A production-grade multi-agent AI system that takes a plain-English coding task, writes Python code, runs it in a sandbox, self-critiques the result, fixes errors automatically, and streams the answer back — with optional human-in-the-loop review at every step.

Built with LangGraph · Groq · Gemini · DeepSeek · OpenAI · Anthropic · FastAPI · Streamlit.


Why this — we already have Copilot / Cursor?

Copilot / Cursor This project
Suggests code
Actually runs it
Self-corrects on failure
Human approves before deploy ✅ optional (HITL toggle — on or off)
Runs on private infra
Customizable agents
REST API for integration
Cost tracking per call

The gap is execution + self-correction + control. That's what enterprises pay for.

Banks, healthcare, and data teams can't send sensitive code or data to external tools. They build this architecture internally — planner → executor → critic → human review — on their own infrastructure. This project demonstrates exactly that pattern.

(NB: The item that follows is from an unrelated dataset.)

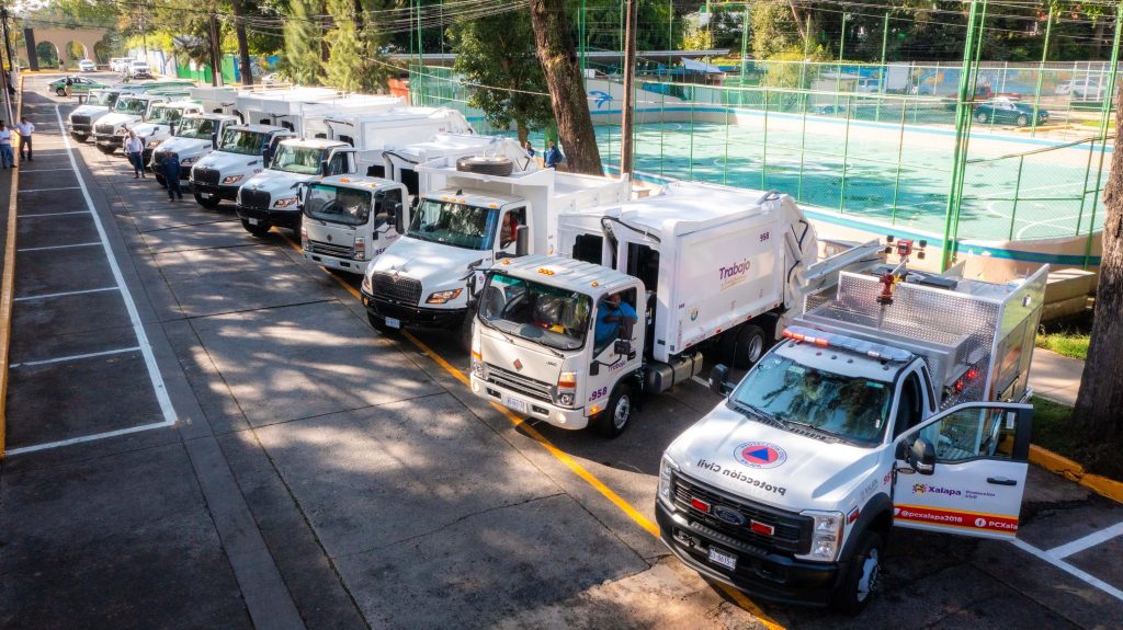 También, dos camiones recolectores compactadores de carga lateral de 21 yardas, un camión con caja compactadora de carga trasera con sistema de levante de contenedores; un camión compactador de 12 yardas, un camión recolector compactador para basura de carga trasera y un camión de ataque contra incendios.

Live Demo — K-Means Clustering (full HITL flow)

Step 1 — Enter the task

UI Overview


Step 2 — Planner creates steps, Executor writes and runs the code

Executor output


Step 3 — Full K-means implementation visible in the code panel

K-means code


Step 4 — Plot generated automatically inside the sandboxed subprocess

Plot generated


Step 5 — HITL: human inspects code + plot before approving

HITL approve panel


Step 6 — Approve — agent completes, final answer streamed

Approved


Step 7 — Final cluster plot: 3 clusters, centroids marked X

Final plot


Architecture

User input (plain English task)
          │
          ▼
┌─────────────────┐
│    Planner      │  1 LLM call → JSON array of 3-5 steps
└────────┬────────┘
         │ plan[]
         ▼
┌──────────────────────────────────────────────┐
│          Executor  — ReAct loop              │
│                                              │
│  ┌──────────┐  tool_call   ┌──────────────┐  │
│  │  Agent   │ ──────────►  │    Tools     │  │
│  │  (LLM)   │ ◄──────────  │              │  │
│  └──────────┘ tool_result  │ python_repl  │  │
│       │                    │ read_file    │  │
│  (loops until LLM          │ list_dir     │  │
│   calls no more tools)     └──────────────┘  │
│       ▼                                      │
│  final_answer + code_runs[]                  │
└──────────────────────────────────────────────┘
         │
         │  ◄── [HITL ON: graph pauses here]
         │       Human sees: code + output + plot
         │       Human clicks: Approve or Request revision
         │
         ▼
┌─────────────────┐
│     Critic      │  1 LLM call → APPROVE or REVISE + feedback
└────────┬────────┘
         │
         ├── REVISE ──► back to Executor  (max 3 attempts)
         │              (critic feedback injected as context)
         │              *** self-correction loop ***
         │
         └── APPROVE ──► Summarize → save to history → END
                         Final answer + plot rendered in UI

Planner — 1 LLM call. Receives the task + last 3 conversation history entries. Returns a JSON array of 3–5 concrete steps. No tools, pure reasoning. Falls back to a default plan if the LLM fails.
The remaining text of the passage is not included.